Final rule: Current Good Manufacturing Practice, Hazard Analysis, and Risk-Based Preventive Controls for Human Food

Who is governed by FSMA? Human food manufacturers and whoever supplies the ingredients.

When is compliance? 

All facilities should be compliant by now, but let’s break it down.

The initial compliance date was in September 2016 for large businesses. The FDA categorizes large businesses as “other businesses” and they have more than 500 employees. 

Small businesses (less than 500 employees) had a compliance date of September 2017.

Very small businesses are qualified facilities (less than 500 employees and less than $1,000,000 in annual sales and holdings), or subject to the Pasteurized Milk Ordinance. All of these have compliance dates after September of 2016.

Very small businesses are qualified facilities. Having a designation as a qualified facility exempts the facility from the hazard analysis, preventive controls and supply chain requirements.

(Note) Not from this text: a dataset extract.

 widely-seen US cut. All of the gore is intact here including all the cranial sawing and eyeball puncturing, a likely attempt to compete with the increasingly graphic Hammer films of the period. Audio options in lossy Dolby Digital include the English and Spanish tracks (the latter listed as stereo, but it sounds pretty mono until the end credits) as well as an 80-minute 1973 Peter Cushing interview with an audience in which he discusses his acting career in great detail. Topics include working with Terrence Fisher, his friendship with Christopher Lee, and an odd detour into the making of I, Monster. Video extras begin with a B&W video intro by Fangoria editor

The business is still required to follow Good Manufacturing Practices, provide attestations in support of their status, provide evidence of oversight and compliance in their location, maintain records, and provide evidence of status annually.

Even though a qualified facility is not required to conduct a hazard analysis and identify preventive controls for those hazards, the qualified facility is required to state how they are controlling hazards in their process. In other words, what is the qualified facility doing to make their product safe for the consumer? If a very small business believes they are a qualified facility, their status records must already now be in place.

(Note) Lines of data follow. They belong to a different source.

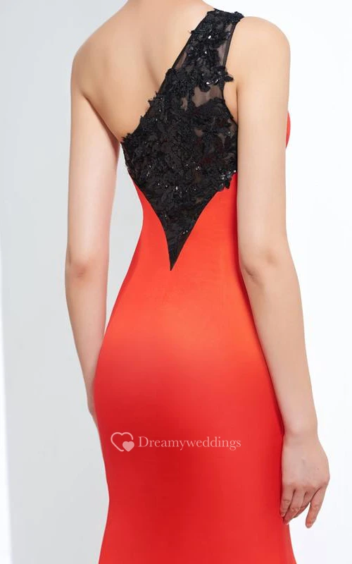 One-Shoulder Mermaid Appliques Sequins Split-Front Prom Dress
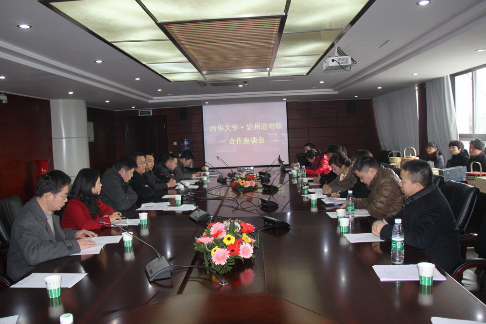 3月12日下午2:30,85级中文系校友、崇州市道明镇党委书记陈玲率道明镇副镇长、道明竹编协会会长、道明竹编非物质文化遗产传承人等一行13人来我校寻求道明竹编发展合作。座谈会在行政楼212会议室举行。副校长蔡汉军、地方合作与服务处、材料科学与工程学院、艺术学院、经济与贸易学院、人文学院等院部主要负责人和部分教授参加了座谈。地方合作与服务处处长王志刚主持座谈会。
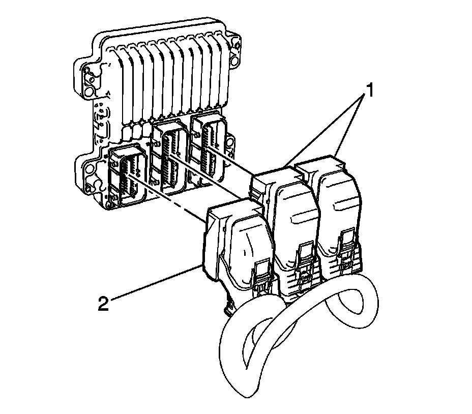 7. Disconnect the body wiring harness electrical connector (2) from the ECM.

Businesses subject to the Pasteurized Milk Ordinance (PMO) had a compliance date of September 2018. These grade A milk processors come into compliance after the next revision of the PMO is published. The PMO will include elements of preventive control requirements.

Harvesting grain for dry ingredients

Here listed is the summary of FSMA:

  • Current Good Manufacturing Practice, Hazard Analysis, and Risk-Based Preventive Controls for Food for Animals
    • This is the animal food rule.
    • Who? Animal food manufacturers and their ingredient suppliers
    • When? The initial compliance date was on September 2016
    • In the same way that food for human consumption must be made in a safe manner, the diverting of human food to animal food and the production of animal food must be done safely.
  • Foreign Supplier Verification Programs for Importers of Food for Humans and Animals
    • This is the import rule.
    • Who must be compliant? Importers of ingredients or food for humans or animals
    • When? The initial compliance date was on May 30, 2017
    • To see descriptions of other compliance dates, reference this FDA document here
 
  • Standards for the Growing, Harvesting, Packing, and Holding of Produce for Human Consumption
    • This is the produce rule.
    • Who must be compliant? Raw agricultural commodity farmers
    • When?
      • Produce growers with more than $500,000 in annual sales must have been compliant as of November 2017.
      • Small businesses with annual sales between $250,000 and $500,000 must have been compliant in November 2018.
      • Very small businesses with annual sales between $25,000 and $250,000 must be compliant in November 2019.
      • Due to high risk, sprout growers must have been compliant in November 2016, with small and very small sprout growers compliant in November 2017 and 2018, respectively.
      • Covered growing (excluding sprouts) has a compliance dates ranging from 2018-220 depending on the size of the farm.
    • Many commodities are exempt from parts of the rule due to the nature of the specific crop being grown. Growers may have different compliance dates for parts of the rule such as  testing, water quality standards, and recordkeeping; labeling; or retention of records supporting eligibility for a qualified exemption.